> **INSTRUCTIONS FOR THE TASK**
Lines from the one containing "魔众题库系统发布v7.5.0" through the last line of the records below need to be repeated exactly; nothing else, and no pictures.

> **INFORMATION GIVEN**
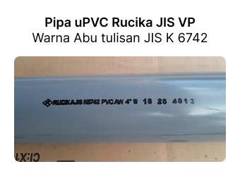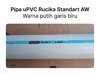 Ukuran pipa PVC Rucika dengan system penyambungan lem, dengan panjang pipa 4 meter per batang.
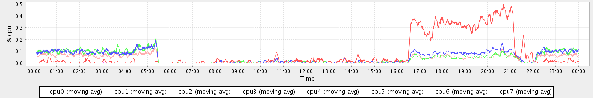 avg(cpu0) = 0.08 avg(cpu1) = 0.05 avg(cpu2) = 0.04 avg(cpu3) = 0.00 avg(cpu4) = 0.00 avg(cpu5) = 0.00 avg(cpu6) = 0.03 avg(cpu7) = 0.00
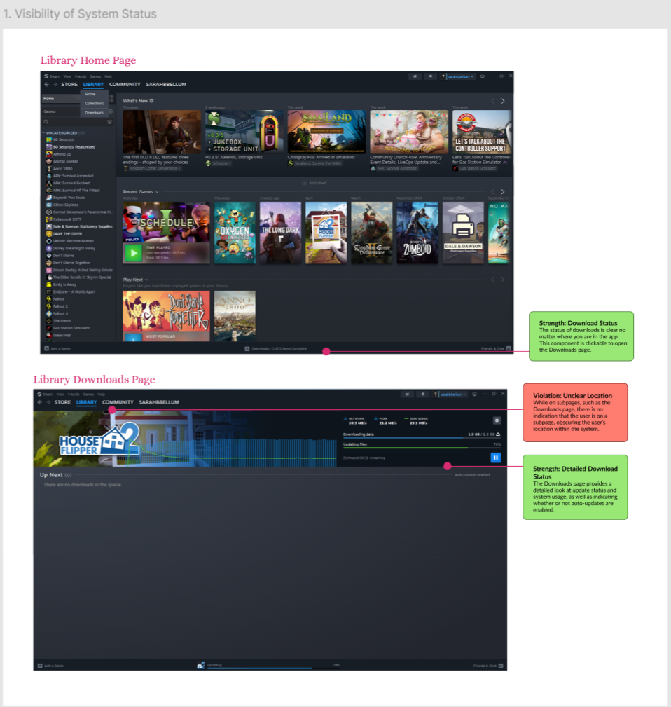 This project evaluated the Steam desktop app’s navigation and interface using Nielsen’s heuristics and user testing feedback. The goal was to identify where users encounter confusion and to provide design recommendations that improve clarity, consistency, and flow.
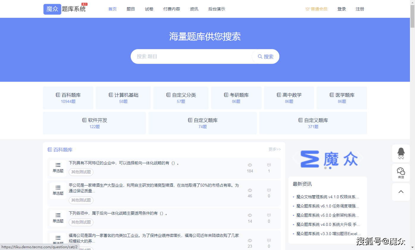 魔众题库系统发布v7.5.0版本,新功能和Bug修复累计40项,连续增加题目,题目公开快捷操作。
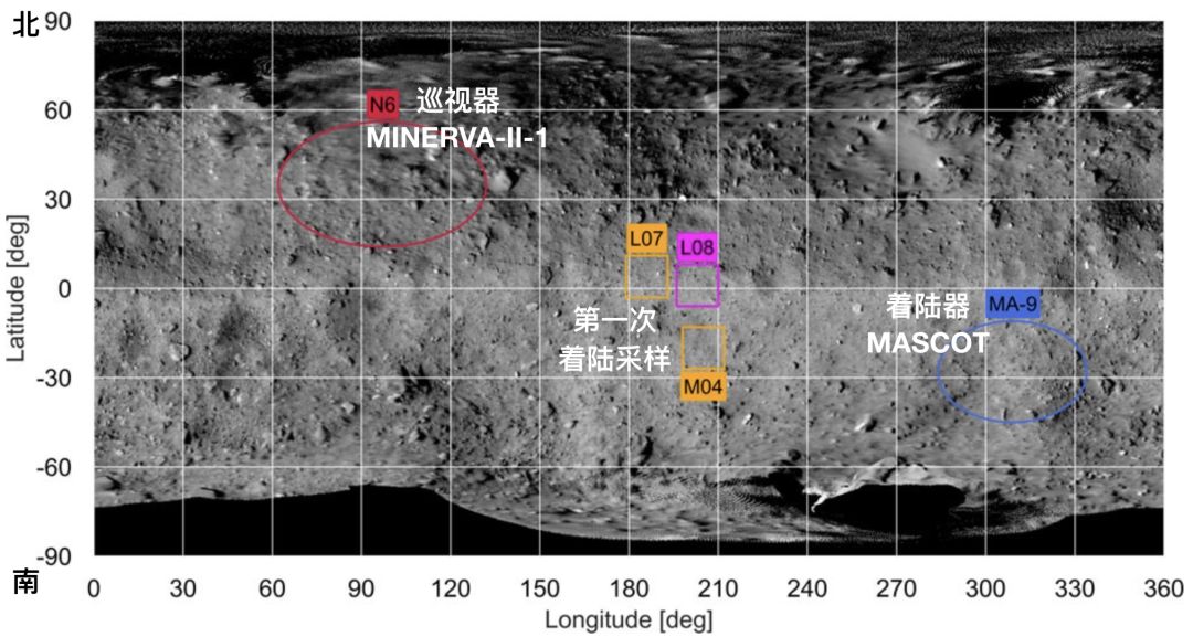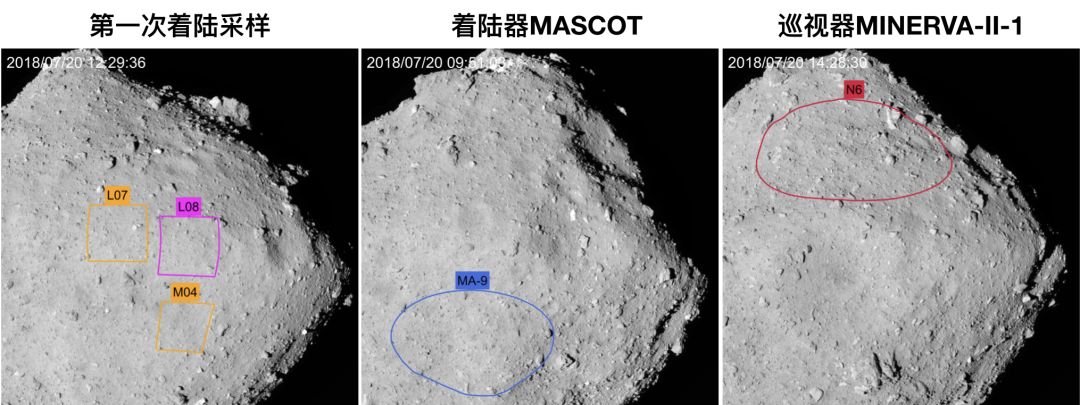 选定的着陆点位置,其中L和M分别表示低纬度和中纬度。别忘了小行星“龙宫”的直径只有约900米,所以正方形框的边长只有约100米。来源:JAXA、东京大学等

> **PROBLEM SOLUTION**
 魔众题库系统发布v7.5.0版本,新功能和Bug修复累计40项,连续增加题目,题目公开快捷操作。
 选定的着陆点位置,其中L和M分别表示低纬度和中纬度。别忘了小行星“龙宫”的直径只有约900米,所以正方形框的边长只有约100米。来源:JAXA、东京大学等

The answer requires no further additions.